Listed records
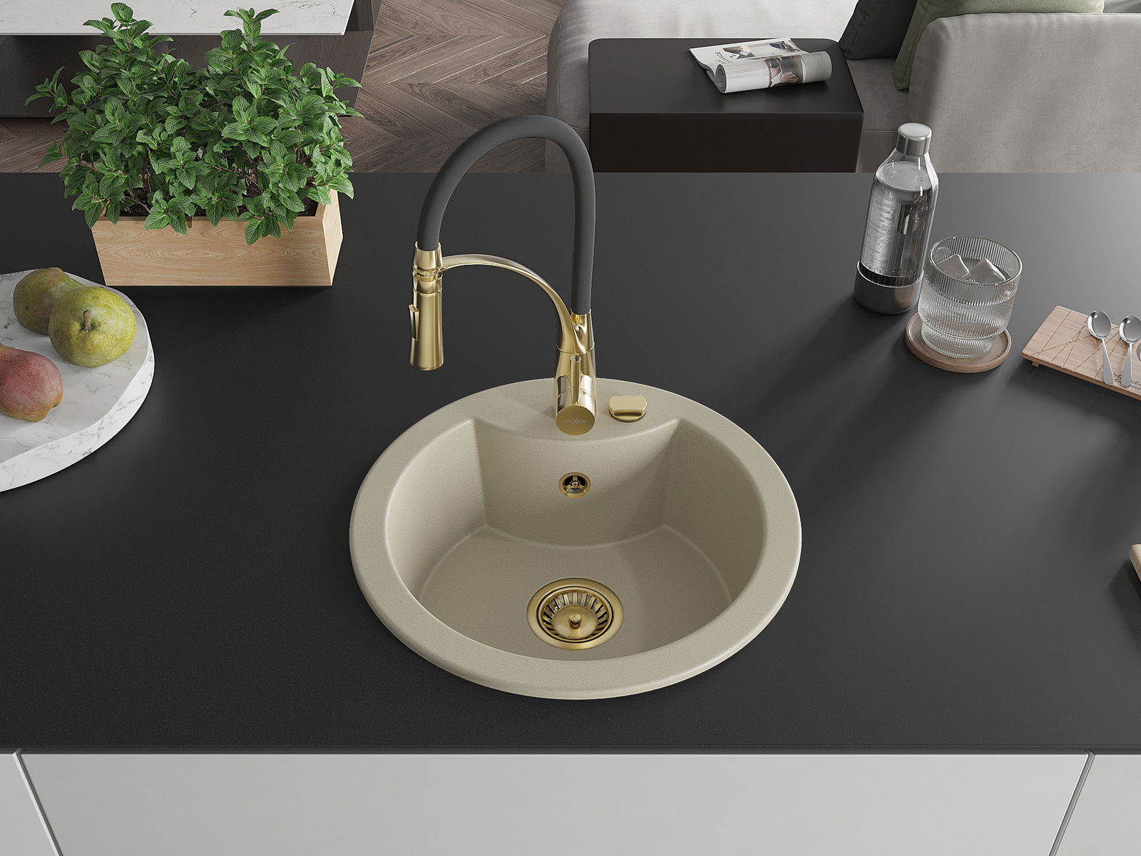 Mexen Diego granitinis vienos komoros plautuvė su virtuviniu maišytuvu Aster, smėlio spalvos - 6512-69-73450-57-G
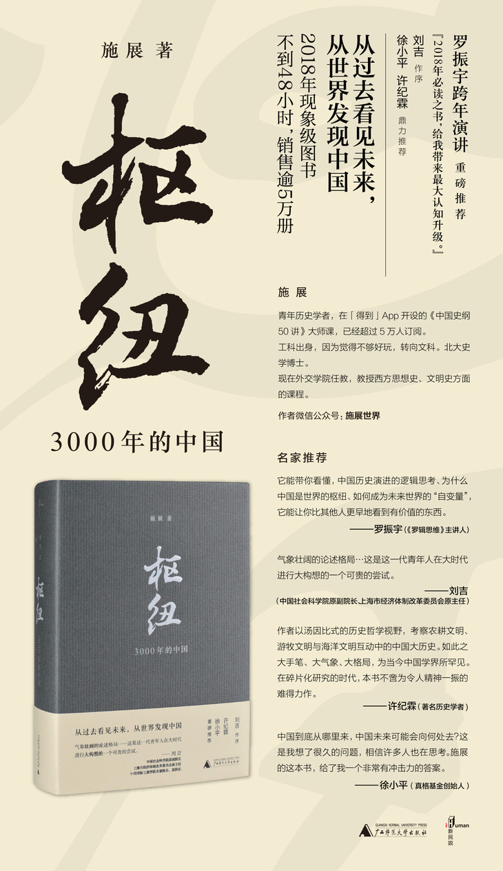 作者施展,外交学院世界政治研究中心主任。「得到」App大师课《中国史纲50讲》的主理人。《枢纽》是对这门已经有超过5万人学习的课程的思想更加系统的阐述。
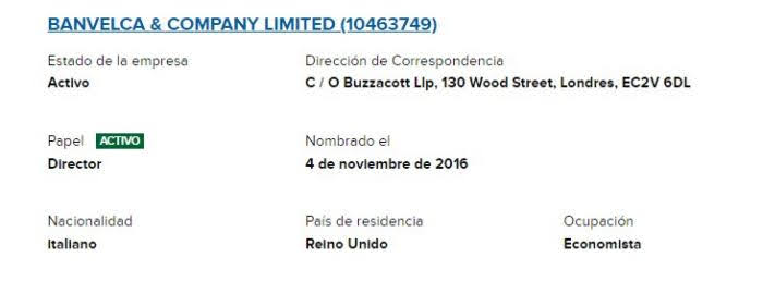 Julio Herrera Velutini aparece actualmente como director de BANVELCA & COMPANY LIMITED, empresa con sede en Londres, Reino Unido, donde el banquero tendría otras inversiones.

...

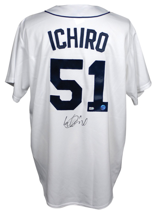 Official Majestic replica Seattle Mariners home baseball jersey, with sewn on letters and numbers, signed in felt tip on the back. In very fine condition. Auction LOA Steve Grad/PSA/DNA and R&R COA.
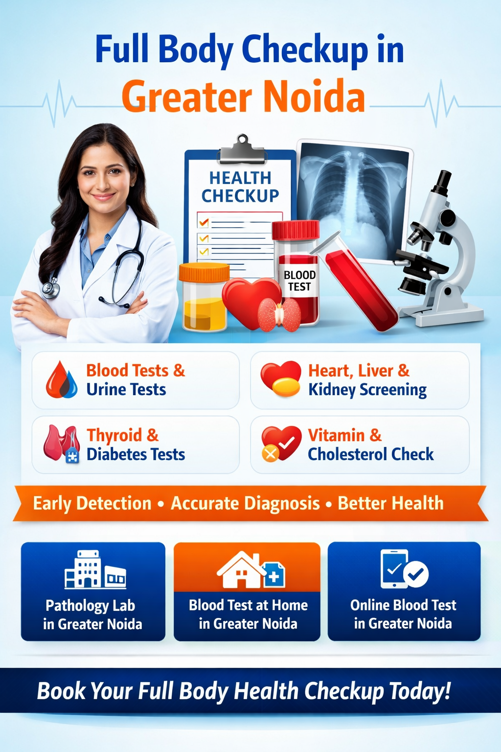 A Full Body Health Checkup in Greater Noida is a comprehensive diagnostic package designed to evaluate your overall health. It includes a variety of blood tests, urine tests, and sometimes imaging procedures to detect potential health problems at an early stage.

---

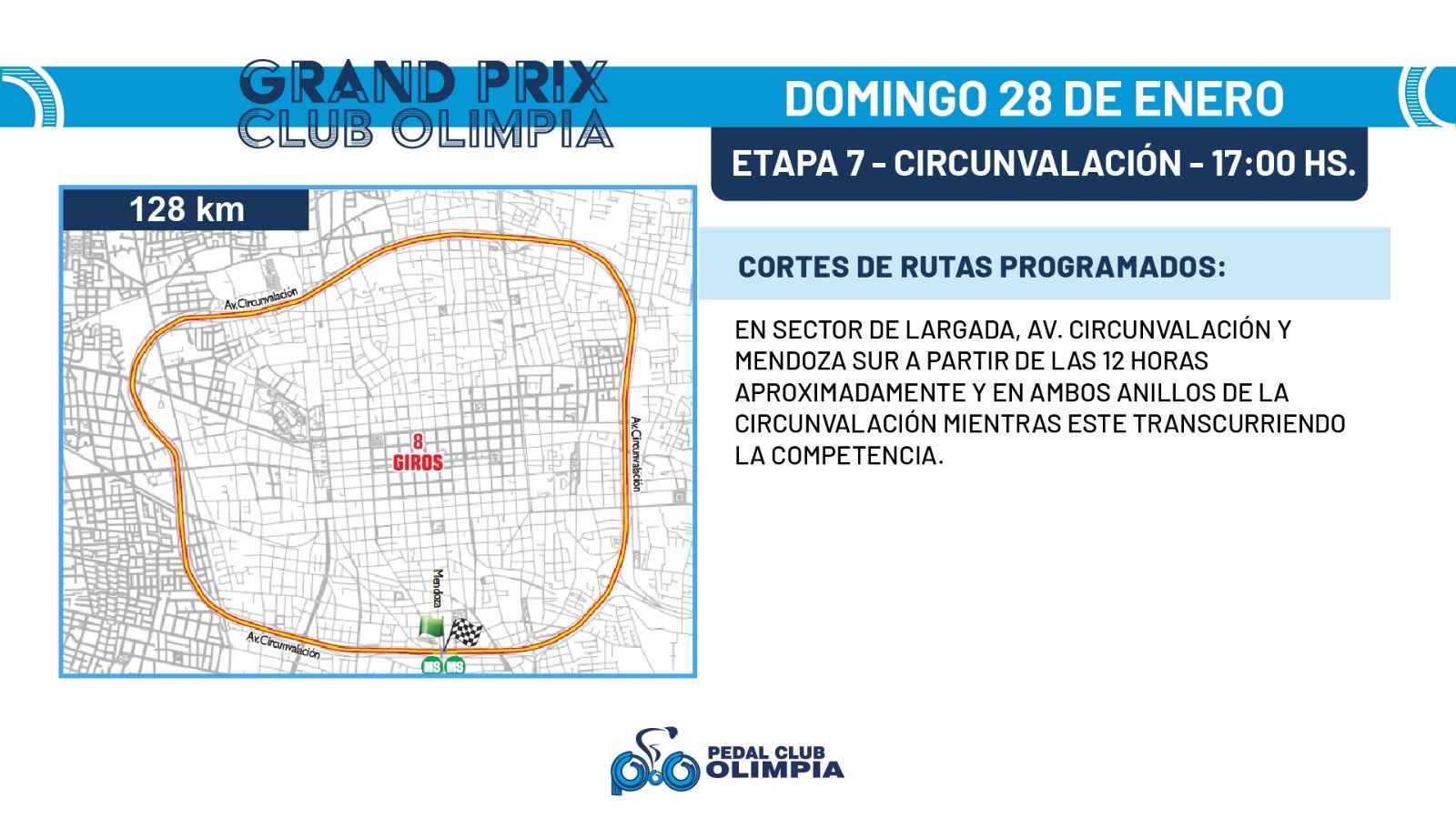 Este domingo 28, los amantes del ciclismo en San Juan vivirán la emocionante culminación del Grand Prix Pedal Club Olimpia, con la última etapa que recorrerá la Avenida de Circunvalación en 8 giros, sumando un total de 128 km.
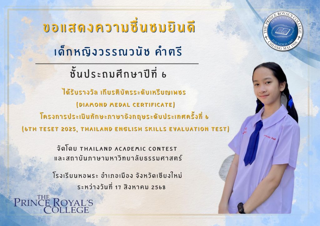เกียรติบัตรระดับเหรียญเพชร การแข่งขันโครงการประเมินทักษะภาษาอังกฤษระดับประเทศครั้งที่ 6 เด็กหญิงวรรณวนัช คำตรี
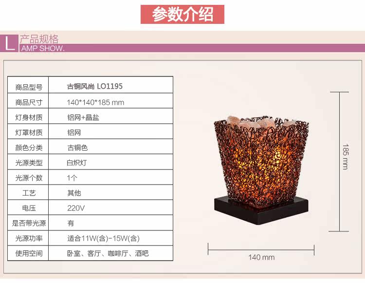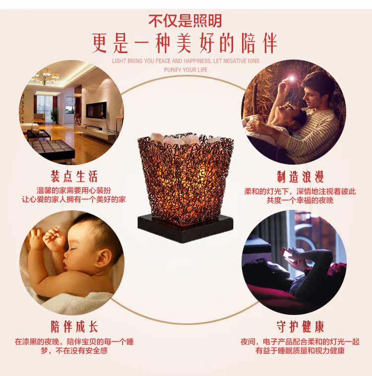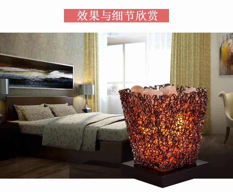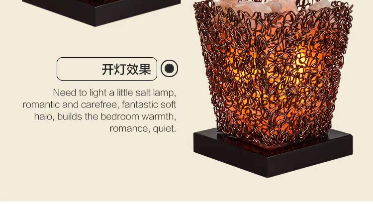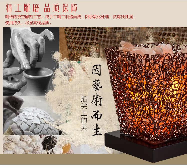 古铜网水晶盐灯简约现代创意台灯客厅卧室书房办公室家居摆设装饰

Your goal
Each line above that falls between the line with "Mexen Diego granitinis" and the line with "作者施展,外交学院世界政治研" should be printed exactly, together with those two lines, but the pictures should not.

Exercise response
 Mexen Diego granitinis vienos komoros plautuvė su virtuviniu maišytuvu Aster, smėlio spalvos - 6512-69-73450-57-G
 作者施展,外交学院世界政治研究中心主任。「得到」App大师课《中国史纲50讲》的主理人。《枢纽》是对这门已经有超过5万人学习的课程的思想更加系统的阐述。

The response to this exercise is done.